One meter waves on the island of Maré

The highest wave, one meter, occurred in New Caledonia on the island of Maré, in the archipelago of the Loyalty Islands, while on the island of Pines, in Yaté and in Nouméa of waves between 45 centimeters and 80 centimeters were observed, indicated the local civil security, which specified that no damage was to be deplored.

After a series of powerful earthquakes, tens of thousands of people in coastal areas of New Caledonia, New Zealand and Vanuatu fled to the heights and inland on Friday.

Early Friday morning, the 64 New Caledonian tsunami warning sirens sounded on the beaches of Noumea and firefighters evacuated bathers and athletes. Most stores had also lowered their curtains, AFP found.

A toll-free number has been made available to the population while 11 schools near the coast in Noumea have been evacuated, said the southern province.

Traffic jams

“A wave of one to three meters will impact the whole of New Caledonia. People must leave the beaches and stop all nautical activity, children must not be picked up from school so as not to create congestion ”, had alerted to the NC radio 1st Alexandre Rossignol, spokesperson for Civil Security, reporting a “Real threat”.

The rise in water levels was much less than expected. Finally, only a few people found themselves a little dehydrated after being stranded for several hours in traffic jams in Tahiti. It was indeed forbidden to travel on the East Coast, which caused traffic jams in the North-East of Tahiti.

A magnitude 8.1 earthquake struck near the Kermadec, uninhabited Pacific islands belonging to New Zealand. The earthquake, which struck at 8:28 a.m. local time (7:28 p.m. GMT Thursday), was preceded by tremors of 7.4 and 6.9 in the same region.
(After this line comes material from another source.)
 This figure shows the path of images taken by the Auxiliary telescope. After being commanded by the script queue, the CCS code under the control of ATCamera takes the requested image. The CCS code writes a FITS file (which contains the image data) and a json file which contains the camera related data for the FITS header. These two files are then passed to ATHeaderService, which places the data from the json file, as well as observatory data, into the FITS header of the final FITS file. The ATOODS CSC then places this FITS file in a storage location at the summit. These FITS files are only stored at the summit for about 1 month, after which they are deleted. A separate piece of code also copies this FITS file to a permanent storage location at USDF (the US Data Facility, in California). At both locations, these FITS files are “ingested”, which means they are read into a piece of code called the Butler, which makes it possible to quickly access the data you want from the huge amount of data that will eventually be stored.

The Pacific Tsunami Warning Center (PTWC), located in Hawaii, has warned that waves up to three meters high can hit Vanuatu and New Caledonia.

Alert until Peru

This organization added that smaller waves were as likely to hit countries as far from the epicenter of the earthquake as Japan, Russia and Mexico, as well as the shores of South America.
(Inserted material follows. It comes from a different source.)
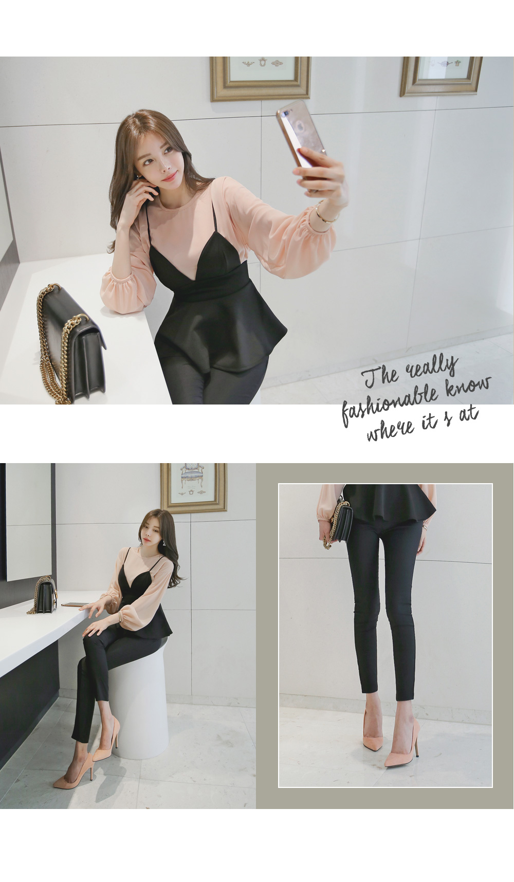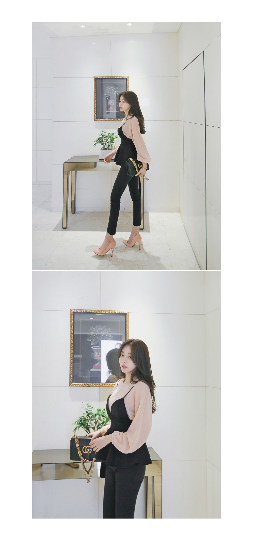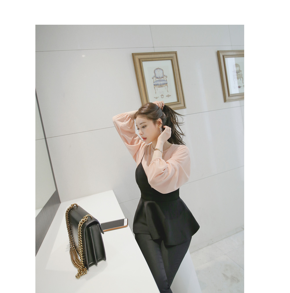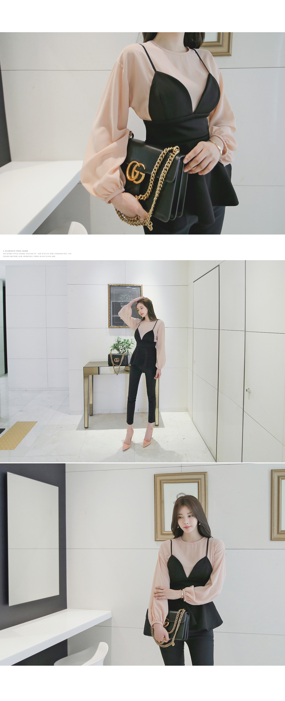 모델과 함께 블라우스 탑과 함꼐 연출해주시거나 셔츠나 후드탑등

Peru issued a tsunami warning Thursday evening on its 3,000 km long coast, but without an evacuation order for the time being. ” The arrival […] waves is expected at dawn on March 5 ”, the National Emergency Operations Center (Coen) said on Twitter.

In Chile, it is l‘”Yellow alert for coastal municipalities” and “The state of precaution which requires, preventively, to abandon the beach areas in the face of a small tsunami with waves of up to one meter”, according to the National Emergency Office (Onemi).

New Zealand emergency services initially ordered the evacuation of coastal areas over long stretches of northern New Zealand (the North Island). A few hours later, shortly after 00:00 GMT on Friday, the National Emergency Management Agency however withdrew its alert, assuring that “ the biggest waves have now passed ”.

This South Pacific country, used to seismic and volcanic activity, has just marked the 10th anniversary of the 6.3 magnitude Christchurch earthquake, in which 185 people died.